Tuesday, February 2, 2010

Brainteaser

I was at the state of frail for these couple of days. I have a lot of deafening, puzzling brainteaser buzzing in my head. I was somehow amazed that in such a trying and difficult moment, I was still able to stand in poise. The secret is, I kept on reassuring myself that everything will just be fine again. Glitches, problems and heartbreaks are just run of the mill, nothing extraordinary. No one is so blessed to face no difficulty at all at any stage of one's life. What distinguishes one from another is how we react to each problem. And I believed, in the process, we do learn a lot of things, right?
We may be tested with grave misery that served as a painful and nerve-breaking experience. No matter how big or how small may a nuisance could be, to ensure survival in such a resentment, it requires nothing else but tonnes of wisdom and patience. Believe me, it can never be easy. No one ever says that it is straightforward and effortless.

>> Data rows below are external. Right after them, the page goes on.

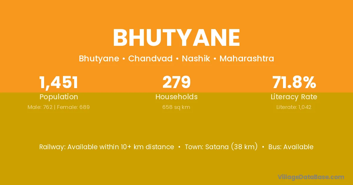 Satana (38 km) is the nearest town to Bhutyane village for major economic activities and is located approximately 38 km away.
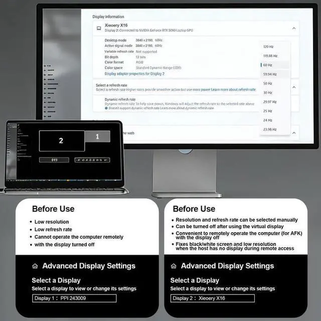 Default 4K Resolution for Stable Initialization Provides a default virtual display of 3840×2160 @ 60Hz, ensuring reliable graphics initialization and preventing resolution fallback, GPU downclocking or black screens.
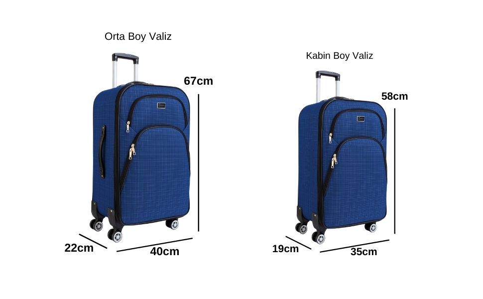 Kabin Boy Valiz: Boy x En x Derinlik: 58 x 35 x 19cm Ağırlığı: 2,9 kg
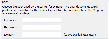 1. Use Microsoft Windows to create a basic user account on the server with that account's access restricted to using suitable printers that are available on the server. In addition the user needs be assigned the 'Log on as a Service' security privilege. Refer to your Windows Server administrator for details of how to configure a restricted user account and assign security privileges.
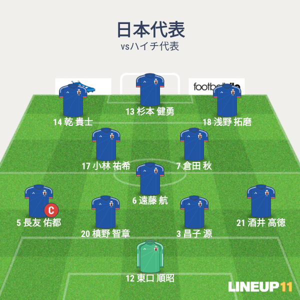日本の先発は、GKに東口、CBに槙野と昌子、右SBに酒井高徳、左SBに長友、アンカーに遠藤、ISHに倉田と小林、右SHに浅野、左SHに乾、1トップに杉本という布陣でした。ニュージーランド戦からガラッとメンバーを入れ替えてきました。
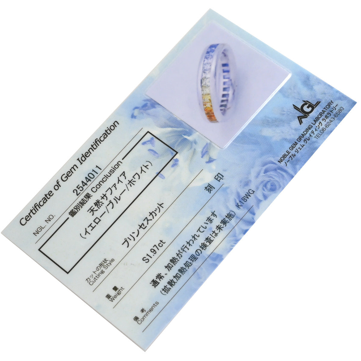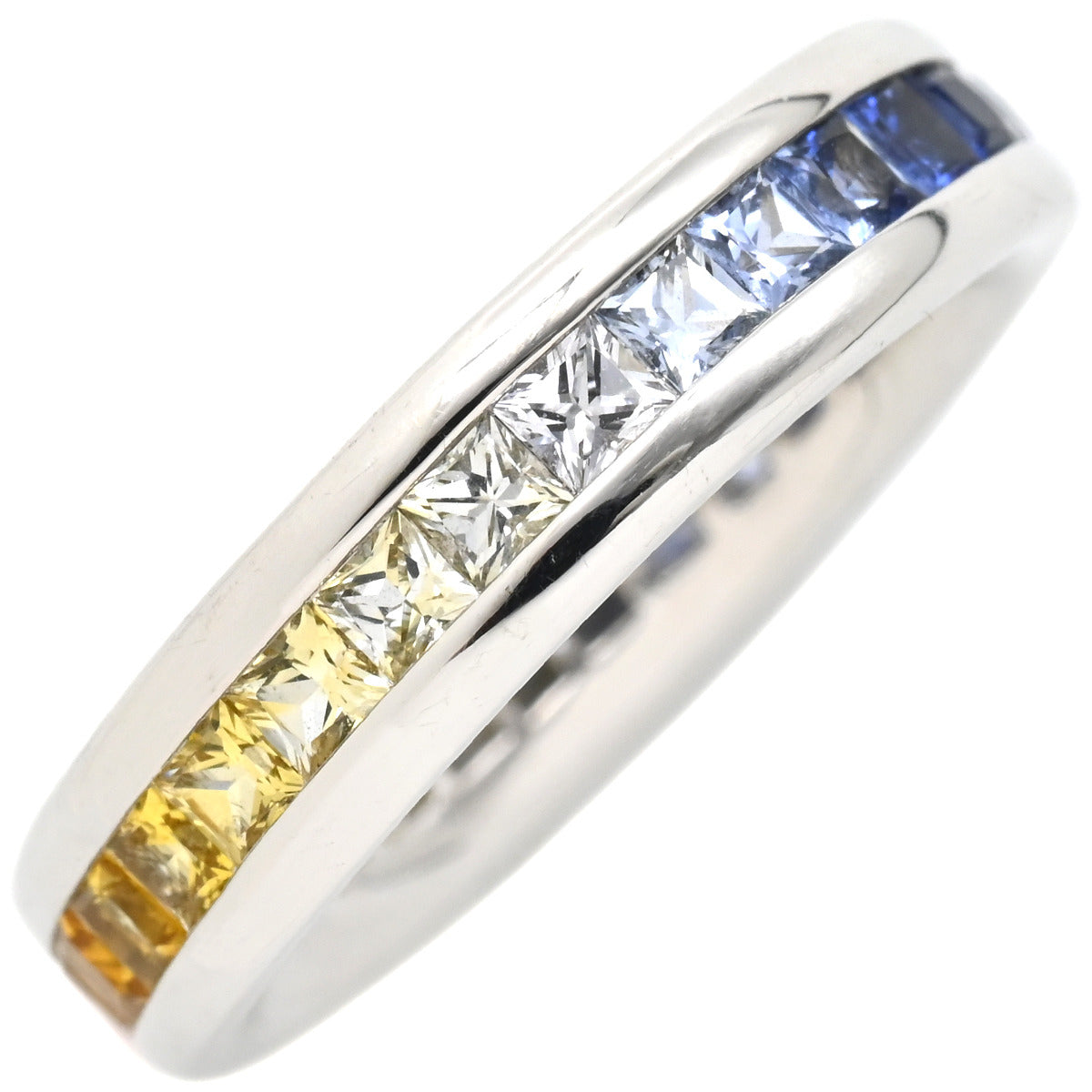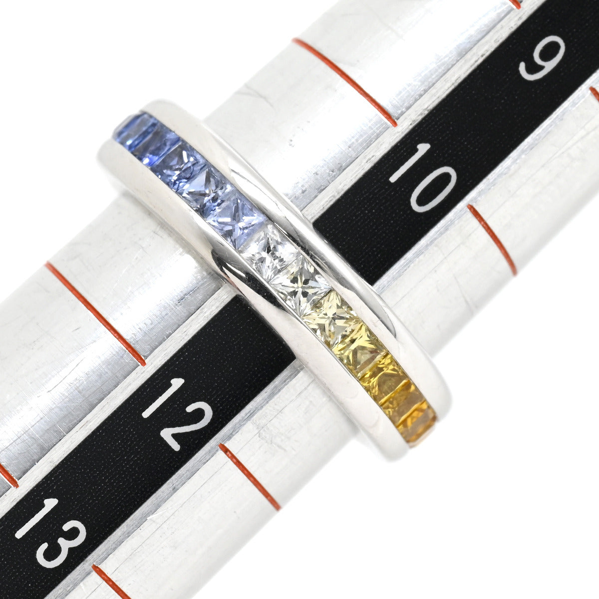 ノンブランド NON BRAND サファイアリング ホワイトゴールド×イエロー×ブルー×ホワイト リング 指輪 Au750 18K 18金 イエロー ブルー ホワイト カラーストーン 11号
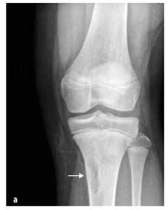 Obični rendgenski snimci dugih kostiju mogu pokazati pruge u metafizi, periostalnu reakciju ili sklerotične i osteolitičke lezije.
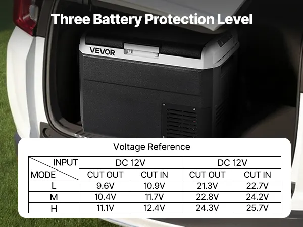 Ahorro de energía y protección de la batería: La protección de la batería (con tres niveles disponibles) garantiza la seguridad y la longevidad de la batería de su vehículo. Disfrute de su viaje con la nevera portátil para coche sin preocuparse por la descarga excesiva de la batería.
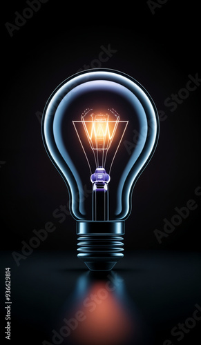 Black holographic glowing lightbulb with copy space.
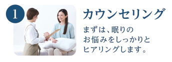 測定 → まくら作成 → ご体感 → 微調整 → 2週間レンタル → ご返却(ご購入の場合はお支払い)
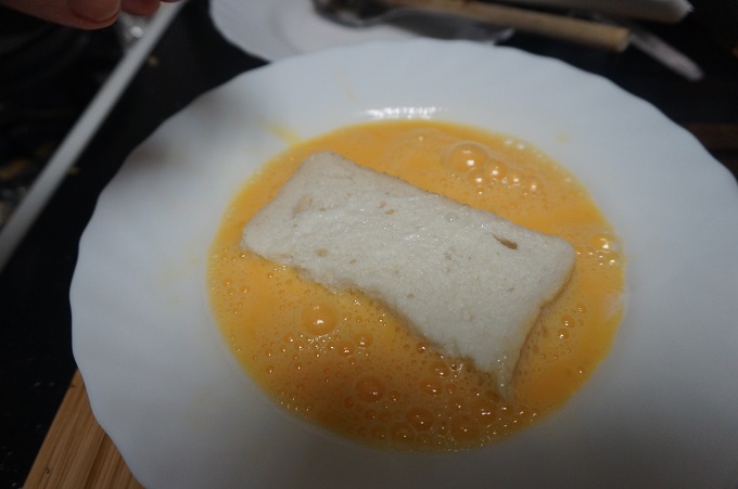 Ponemos una sartén con aceite de girasol a fuego medio a calentar. Pasamos el pan por la leche, dejamos unos segundos se empapen bien de leche y luego lo pasamos por el huevo.
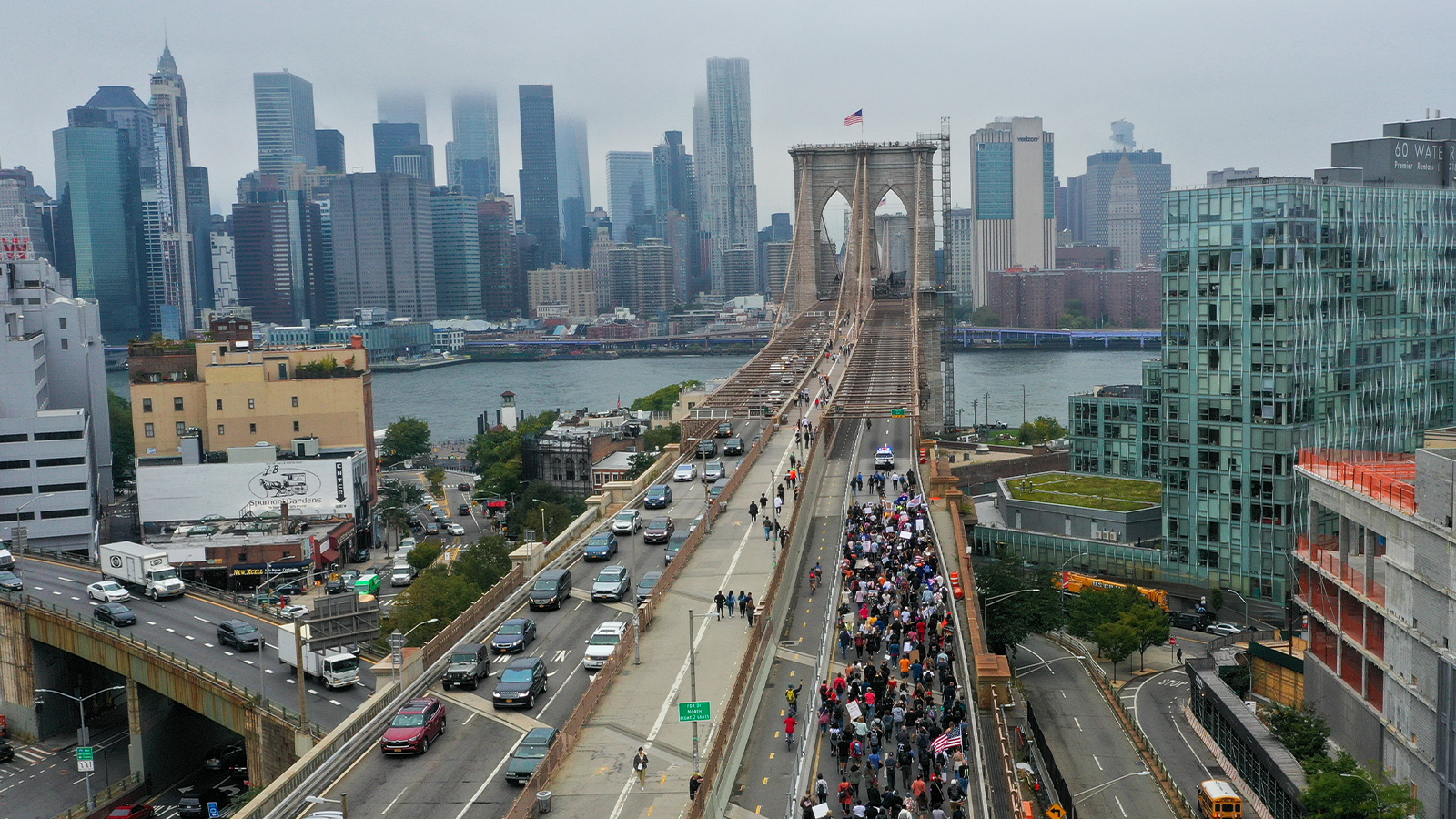 Brooklyn Köprüsü üzerinden yürüyüşe geçen ABD ve Avustralya bayrakları ile pankart taşıyan göstericiler aşı karşıtı sloganlar attı.
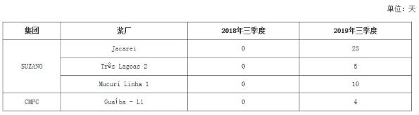 去產(chǎn)量 漿廠檢修時(shí)間增加 巴西統(tǒng)計(jì)部門公布數(shù)據(jù)顯示,2019年三季度巴西木漿產(chǎn)量501.90萬噸,環(huán)比下降1.53%,同比下降7.82%。產(chǎn)量同環(huán)比均下降,主要是受到Suzano公司主動(dòng)降產(chǎn)量,2019年5月5日Suzano發(fā)布公告計(jì)劃減產(chǎn)紙漿年產(chǎn)量100萬噸以上,從圖1也可以看出,發(fā)布公告后各月的產(chǎn)量均較去年同期出現(xiàn)下滑。表1所示的是漿廠的檢修時(shí)間,2018年三季度巴西主要漿廠沒有檢修情況,而今年三季度檢修時(shí)間達(dá)到42天,且主要集中在Suzano旗下的漿廠。經(jīng)過漿廠主動(dòng)降產(chǎn)量后,三季度Suzano紙漿產(chǎn)量209.5萬噸,同比下降24%,環(huán)比下降6%;CMPC紙漿產(chǎn)量106.6萬噸,同比下降1%,環(huán)比下降2%。 表1 巴西漿廠檢修情況
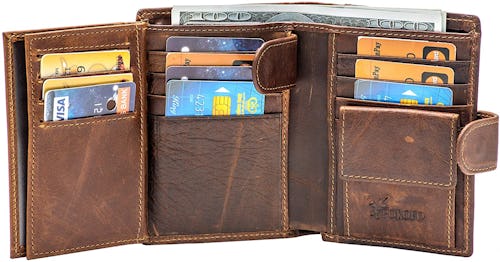 Measuring 5.25 by 4 inches and nearly 1 inch thick, this is a hefty leather wallet that’s made to accommodate all your essentials. While it might be too large to fit in some side pockets, multiple Amazon reviewers reported that it comfortably fit in their back pockets. It features a snap-closure pouch for loose change, as well as 14 slots for cards, three transparent sleeves for photos or IDs, two sections for cash, and a zippered pocket — and it also has RFID-blocking technology. A snap button on the outside keeps your items securely inside its leather shell.
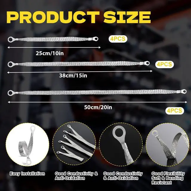 Multiple Size Options you will receive 12 engine grounding straps, sufficient quantity and size, each size has 4 grounding straps, our package includes ground straps in varying lengths including 10, 15, and 20 inches; With a hole inner diameter of 8 mm and an outer diameter of 12.7 mm, these straps are designed to accommodate various automotive connection needs
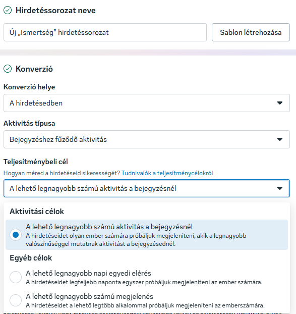 Amikor egy Aktivitás kampányon belül a konverziós helynél a Hirdetés opciót választod, már nem ugyanarra az elköteleződésre optimalizálsz, mint korábban: a Bejegyzéshez fűződő aktivitás mögött ma már jóval szűkebb, tudatosabban válogatott interakciók állnak.
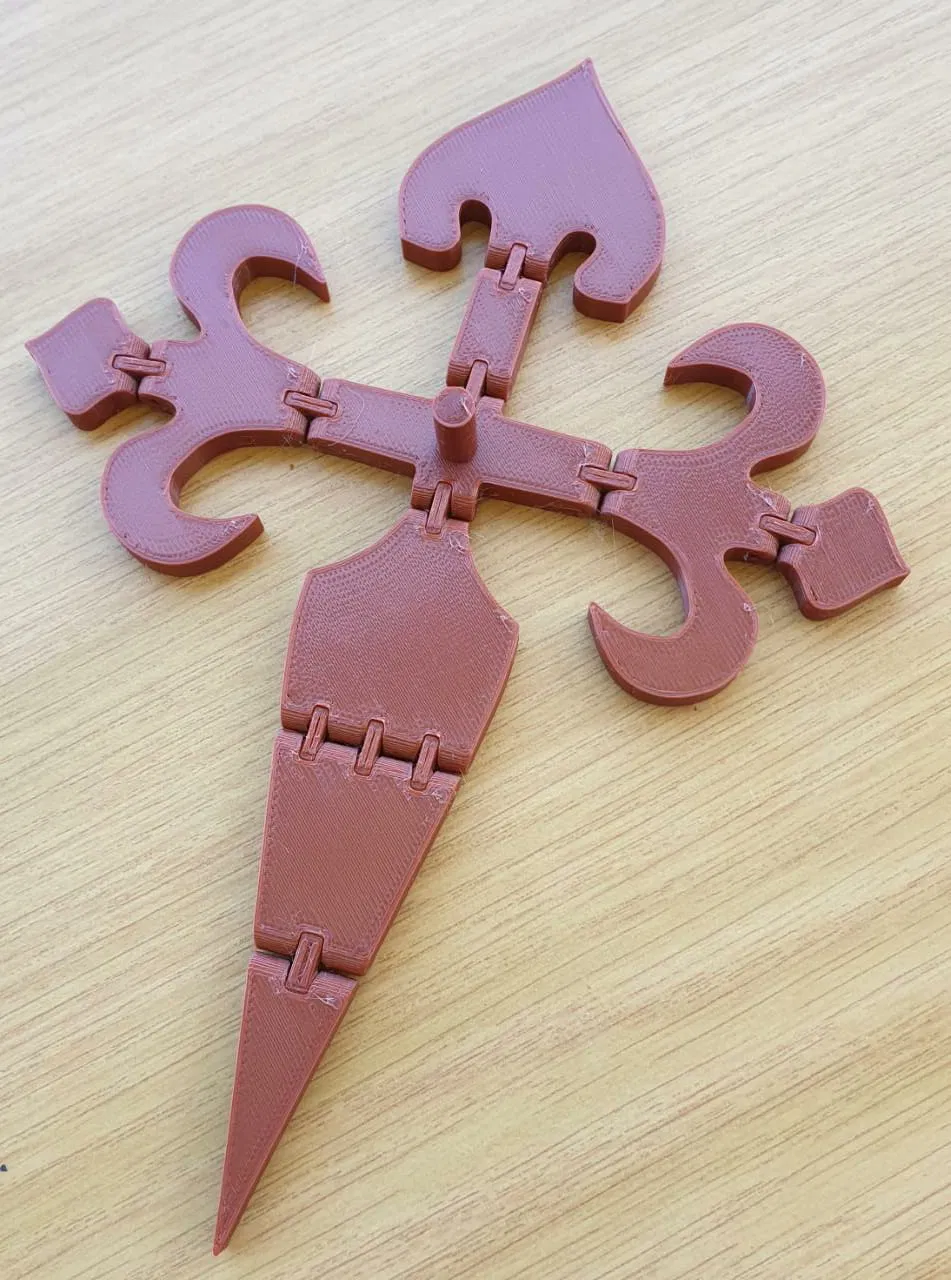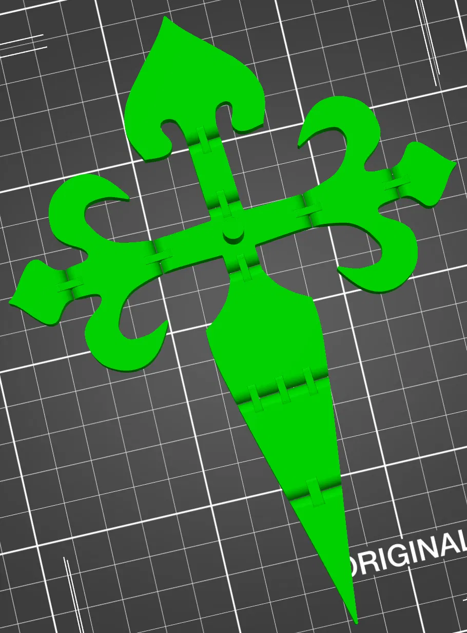 Khuôn in 3D với thiết kế khớp nối linh hoạt, giúp bạn dễ dàng rắc đường bột tạo hình Thập tự Santiago trên bề mặt bánh Tarta de Santiago dù bánh không phẳng. Sản phẩm in liền khối, không cần hỗ trợ, giúp việc trang trí bánh trở nên chuyên nghiệp và dễ dàng hơn bao giờ hết.
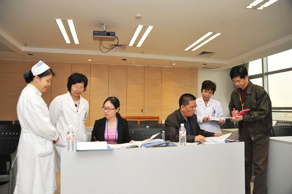 2010年11月7日上午,由自治区卫生厅办公室副主任蒋方力带队的专家组一行11人到我院进行2010年广西医疗服务质量大检查。专家组通过访谈、实地查看、考核、查阅资料等方式检查了包括病历、急诊、护理、医院感染管理、麻醉、检验、医疗安全、依法执业、临床用血等医疗质量管理内容。下午,检查组对检查情况进行了反馈,专家们对我院在落实医疗核心制度、健全各项医疗制度、强化医疗安全管理方面采取的各项措施给予了高度评价,对我院率先在全区成立出入院接待处等工作给予充分的肯定。同时,专家组对我院存在的不足也提出了中肯的建议和意见。院党委书记胡世红表示,我院将对存在的问题和不足做进一步的研究,采取有效措施,不断完善各项工作。

In my case, I have a great deal of faith that everything will be in place. I'll do what I could and the matter will take care the rest of it by itself. No sooner than I thought, problems are settled. Right now, the burden is off my shoulder already. And of course, it takes two to tango. It is not solely my solitary effort. Nothing is miraculous if we refused to try our magical wand. Face the reality with conscience conscientiously. Be brave to make a move.
I am a kid no more. I should deal with things like an adult does. Letting myself to be influenced foolishly by my emotion is not at all a judicious option. Glad that I was not too quick to jump into a conclusion. I am happier that I did not come out with a ridiculous assumption though I did have a plenty in mind. Those are common I believe. Our mind at this state, will easily bewilder and bamboozle with some of the most silly, bizarre and regrettable justification.
And yea, I have to admit that I have been faking my smile for quite sometimes and I am happy now that I have to fake it not anymore. Somebody has just returned me my precious smile.